Re: Squeak in Debian?
"Lex Spoon" <firstname.lastname@example.org> wrote:
> > > > > I do not understand your issue about locality. The business in question
> > > > > is us, Debian. We already have a distribution server at Berkeley, so we
> > > > > already need to evaluate and comply with the laws of northern
> > > > > California.
> > > >
> > > > The CD distributors are not part of SPI, the non-profit that holds
> > > > title to the vast resources of Debian. In addition, the Debian
> > > > mirrors only look at local law when evaluating whether to mirror
> > > > Debian. They don't look up Northern California law.
> > >
> > > The individual CD distributors should not be automatically distributing
> > > non-free stuff. Thus I still do not see the issue.
> > >
> > > It seems like our non-free infrastructure already needs to obey US
> > > export law, so I do not see the issue with us meeting that license
> > > condition.
> > non-free is not part of the bxa notification scheme, because the bxa
> > notifications is only available for certain type of software of which
> > main is a subset. So there are still packages in non-us/non-free.

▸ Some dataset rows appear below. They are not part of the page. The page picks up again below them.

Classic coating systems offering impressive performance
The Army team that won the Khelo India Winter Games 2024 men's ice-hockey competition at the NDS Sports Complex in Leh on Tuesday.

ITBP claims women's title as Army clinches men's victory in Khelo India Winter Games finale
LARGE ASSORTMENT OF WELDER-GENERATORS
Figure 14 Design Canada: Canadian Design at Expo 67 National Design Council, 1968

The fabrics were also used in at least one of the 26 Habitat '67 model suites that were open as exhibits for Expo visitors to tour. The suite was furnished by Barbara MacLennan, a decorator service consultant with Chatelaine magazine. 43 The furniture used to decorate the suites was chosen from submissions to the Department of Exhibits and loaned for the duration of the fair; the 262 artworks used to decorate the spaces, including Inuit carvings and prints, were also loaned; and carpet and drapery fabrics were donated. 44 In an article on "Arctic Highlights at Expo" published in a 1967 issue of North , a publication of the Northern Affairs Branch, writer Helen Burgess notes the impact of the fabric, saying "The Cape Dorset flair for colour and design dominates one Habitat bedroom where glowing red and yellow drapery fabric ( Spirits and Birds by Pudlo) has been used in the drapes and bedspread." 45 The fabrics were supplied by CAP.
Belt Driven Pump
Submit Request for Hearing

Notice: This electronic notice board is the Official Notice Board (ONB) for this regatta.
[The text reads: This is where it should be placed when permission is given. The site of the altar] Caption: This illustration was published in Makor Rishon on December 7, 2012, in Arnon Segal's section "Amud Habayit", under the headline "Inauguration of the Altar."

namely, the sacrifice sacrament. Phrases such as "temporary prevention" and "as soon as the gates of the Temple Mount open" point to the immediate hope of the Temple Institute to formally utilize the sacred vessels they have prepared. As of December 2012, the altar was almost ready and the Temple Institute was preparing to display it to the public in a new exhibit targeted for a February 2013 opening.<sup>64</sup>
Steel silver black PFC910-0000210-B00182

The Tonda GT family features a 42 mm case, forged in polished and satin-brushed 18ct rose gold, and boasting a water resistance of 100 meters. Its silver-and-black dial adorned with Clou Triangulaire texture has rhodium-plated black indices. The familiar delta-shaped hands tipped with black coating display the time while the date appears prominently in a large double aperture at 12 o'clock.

> I don't see why BXA notification would be required for Squeak nowadays.
> It used to have some secure hashing functions in there such as MD5 and
> SHA, but I just searched and those seem to be in a separate package
> nowadays. People who want crytopgraphy routines in Squeak must now
> download them separately from "SqueakMap".

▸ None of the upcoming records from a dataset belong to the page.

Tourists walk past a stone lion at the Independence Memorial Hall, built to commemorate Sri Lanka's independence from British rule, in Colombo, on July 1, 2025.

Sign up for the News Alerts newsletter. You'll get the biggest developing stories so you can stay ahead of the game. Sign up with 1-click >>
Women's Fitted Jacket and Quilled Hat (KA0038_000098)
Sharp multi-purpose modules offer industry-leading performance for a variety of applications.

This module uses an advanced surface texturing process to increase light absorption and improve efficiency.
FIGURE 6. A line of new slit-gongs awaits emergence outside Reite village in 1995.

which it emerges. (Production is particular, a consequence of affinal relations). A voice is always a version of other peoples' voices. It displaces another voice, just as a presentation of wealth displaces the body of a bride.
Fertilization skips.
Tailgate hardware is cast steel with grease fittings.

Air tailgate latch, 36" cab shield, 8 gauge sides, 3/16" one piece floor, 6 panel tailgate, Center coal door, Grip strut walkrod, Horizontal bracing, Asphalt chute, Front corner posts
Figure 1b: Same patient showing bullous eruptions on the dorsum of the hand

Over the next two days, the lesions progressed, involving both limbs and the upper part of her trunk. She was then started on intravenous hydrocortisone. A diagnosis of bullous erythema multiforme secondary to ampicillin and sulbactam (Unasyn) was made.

If there is nothing export controlled in Squeak, then the export
control clause won't cause any problems with it going into non-free.
However, that still doesn't solve the enhanced liability for the
mirrors. That _is_ a basic distributability issue.
> "In particular, but without limitation, the Apple Software may not be
> exported or reexported (i) into (or to a national or resident of) any
> U.S. embargoed country or (ii) to anyone on the U.S. Treasury
> Department's list of Specially Designated Nationals or the U.S.
> Department of Commerce's Table of Denial Orders. "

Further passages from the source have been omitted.